Dimensions: Brown (1911): Shell length 50 µm; width 23—25 µm; thickness 16—17 µm; aperture 9 µm; spines about 16 or more.
Habitat: Soil, mosses (hence the name), cosmopolitan. Originally described from “drier mosses of woods.
Distribution. Cosmopolitan. Originally described from districts as widely separated as Monsall Dale (Derbyshire), Port Patrick (Wigtownshire), Glen App (Ayrshire), and Kincardine O’Neil (Aberdeenshire) (Brown, 1911).

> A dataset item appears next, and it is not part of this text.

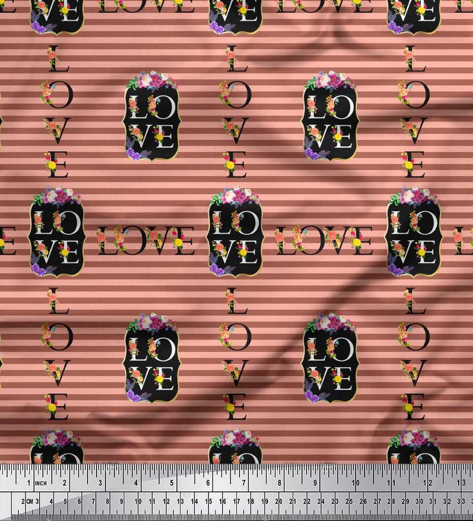 Soimoi Orange Japan Crepe Satin Fabric Stripe & Floral Alphabet Text Printed Craft Fabric by the metre 42 Inch
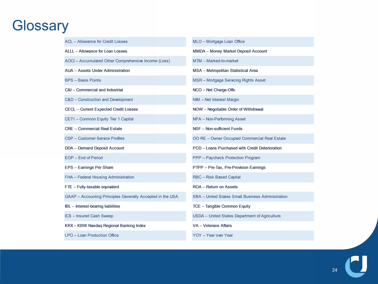 Glossary ACL – Allowance for Credit Losses MLO – Mortgage Loan Office ALLL – Allowance for Loan Losses MMDA – Money Market Deposit Account AOCI – Accumulated Other Comprehensive Income (Loss) MTM – Marked-to-market AUA – Assets Under Administration MSA – Metropolitan Statistical Area BPS – Basis Points MSR – Mortgage Servicing Rights Asset C&I – Commercial and Industrial NCO – Net Charge-Offs C&D – Construction and Development NIM – Net Interest Margin CECL – Current Expected Credit Losses NOW – Negotiable Order of Withdrawal CET1 – Common Equity Tier 1 Capital NPA – Non-Performing Asset CRE – Commercial Real Estate NSF – Non-sufficient Funds CSP – Customer Service Profiles OO RE – Owner Occupied Commercial Real Estate DDA – Demand Deposit Account PCD – Loans Purchased with Credit Deterioration EOP – End of Period PPP – Paycheck Protection Program EPS – Earnings Per Share PTPP – Pre-Tax, Pre-Provision Earnings FHA – Federal Housing Administration RBC – Risk Based Capital FTE – Fully-taxable equivalent ROA – Return on Assets GAAP – Accounting Principles Generally Accepted in the USA SBA – United States Small Business Administration IBL – Interest-bearing liabilities TCE – Tangible Common Equity ICS – Insured Cash Sweep USDA – United States Department of Agriculture KRX – KBW Nasdaq Regional Banking Index VA – Veterans Affairs LPO – Loan Production Office YOY – Year over Year 24

Remarks: Brown (1911): “I was at first inclined to regard this as a variety of E. cristata, Leidy, owing to the presence of the cluster of spines, but this is the only respect in which the two forms are similar. E. cristata is quite peculiar amongst Euglypha in being very slenderly built and having a distinctly tube-like uncompressed form, with a very characteristic arrangement and appearance of the plates of the test. In none of these characters does the present species resemble it. Further, it is very unlikely that a variety of a species normal to sphagnum, which occurs in dry moss, would be of more robust build. Dr. Penard, in ‘Mem. Soc. Phys. & Hist. Nat. Geneve,’ 1890, pl. 9. fig. 91 and 92, figures two individuals as broad forms of E. cristata which might be identified with E. bryophila, but he makes no reference to this form in his later works.”